::: Material provided
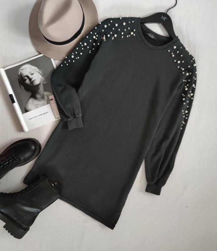 Сіре плаття- світшот від Bershka доповнене перлами, тканина котон, крій вільний, розмір XS, ПО грудей 46 см, довжина 84 см
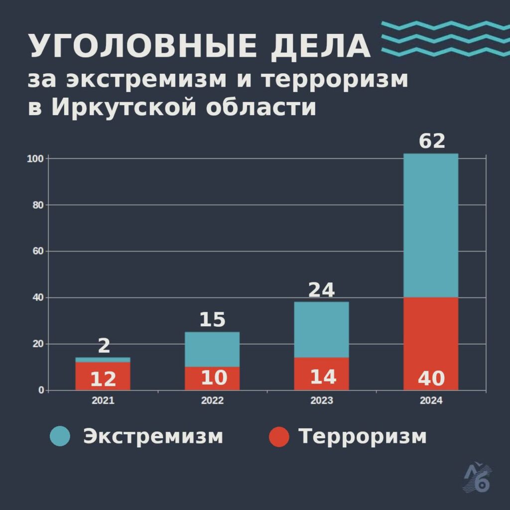 В 2024 году в Иркутской области завели в 3,5 раза больше уголовных дел по экстремистским и террористическим статьям, чем в предыдущем
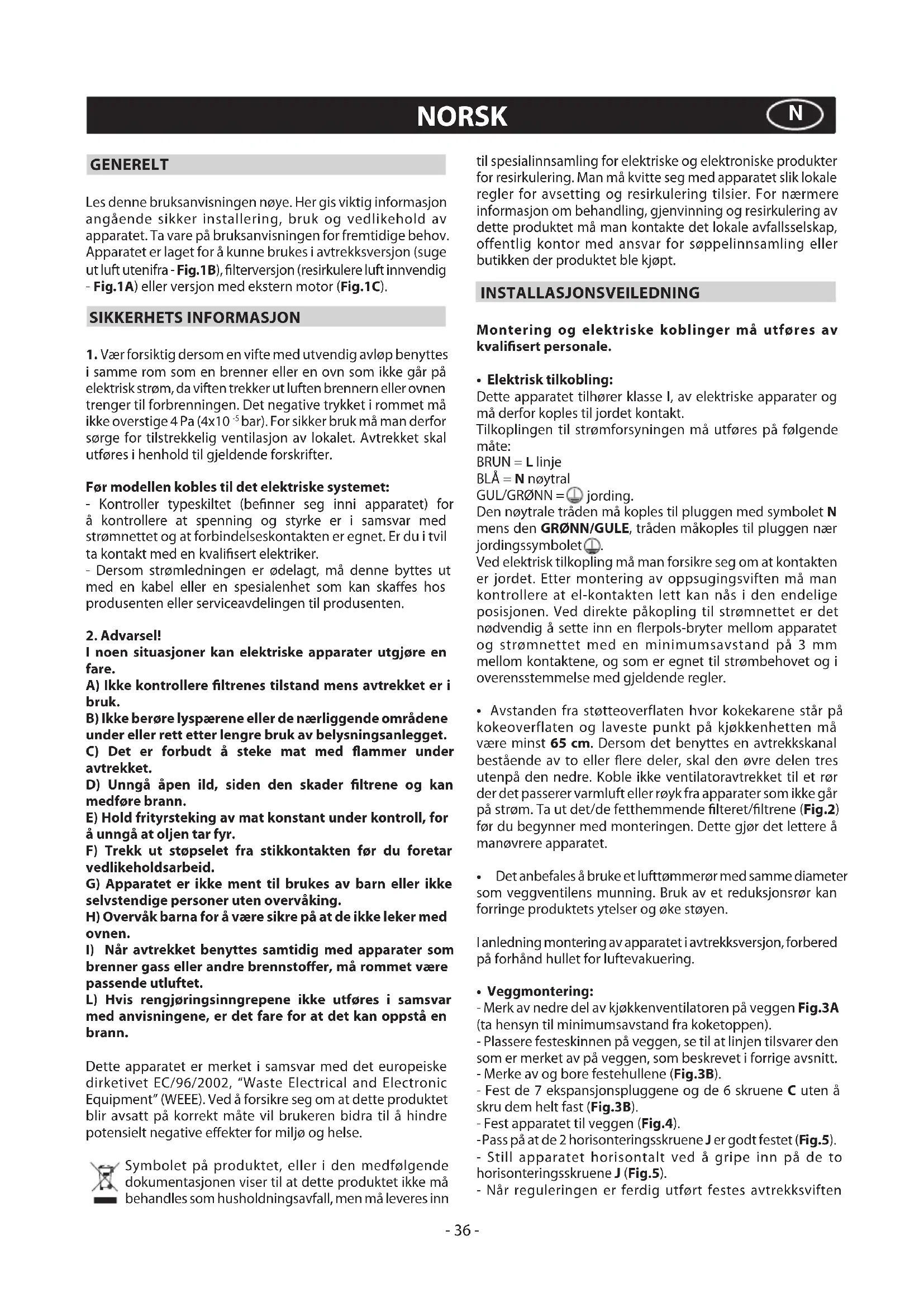 brenner gass eller andre brennstoer, må rommet være passende utluftet. L) Hvis rengjøringsinngrepene ikke utføres i samsvar med anvisningene, er det fare for at det kan oppstå en brann. Dette apparatet er merket i samsvar med det europeiske dirketivet EC/96/2002, “Waste Electrical and Electronic Equipment” (WEEE). Ved å forsikre seg om at dette produktet blir avsatt på korrekt måte vil brukeren bidra til å hindre potensielt negative eekter for miljø og helse. Symbolet på produktet, eller i den medfølgende dokumentasjonen viser til at dette produktet ikke må behandles som husholdningsavfall, men må leveres inn til spesialinnsamling for elektriske og elektroniske produkter for resirkulering. Man må kvitte seg med apparatet slik lokale regler for avsetting og resirkulering tilsier. For nærmere informasjon om behandling, gjenvinning og resirkulering av dette produktet må man kontakte det lokale avfallsselskap, offentlig kontor med ansvar for søppelinnsamling eller butikken der produktet ble kjøpt. INSTALLASJONSVEILEDNING Montering og elektriske koblinger må utføres av kvalisert personale.
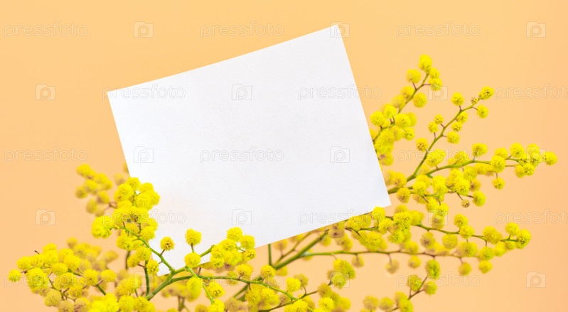 8 марта, день рождения, День матери, День святого Валентина, Пасхальная открытка с пустым белым листом на желтой ветке мимозы на модном коралловом фоне. Макет весеннего праздника. Скопируйте пространство
::::::
■ **Work item**: Beginning with the line where "brenner gass eller" appears, restate word for word every line down to the last one in the data, but keep the pictures out.

■ **The answer**:
 brenner gass eller andre brennstoer, må rommet være passende utluftet. L) Hvis rengjøringsinngrepene ikke utføres i samsvar med anvisningene, er det fare for at det kan oppstå en brann. Dette apparatet er merket i samsvar med det europeiske dirketivet EC/96/2002, “Waste Electrical and Electronic Equipment” (WEEE). Ved å forsikre seg om at dette produktet blir avsatt på korrekt måte vil brukeren bidra til å hindre potensielt negative eekter for miljø og helse. Symbolet på produktet, eller i den medfølgende dokumentasjonen viser til at dette produktet ikke må behandles som husholdningsavfall, men må leveres inn til spesialinnsamling for elektriske og elektroniske produkter for resirkulering. Man må kvitte seg med apparatet slik lokale regler for avsetting og resirkulering tilsier. For nærmere informasjon om behandling, gjenvinning og resirkulering av dette produktet må man kontakte det lokale avfallsselskap, offentlig kontor med ansvar for søppelinnsamling eller butikken der produktet ble kjøpt. INSTALLASJONSVEILEDNING Montering og elektriske koblinger må utføres av kvalisert personale.
 8 марта, день рождения, День матери, День святого Валентина, Пасхальная открытка с пустым белым листом на желтой ветке мимозы на модном коралловом фоне. Макет весеннего праздника. Скопируйте пространство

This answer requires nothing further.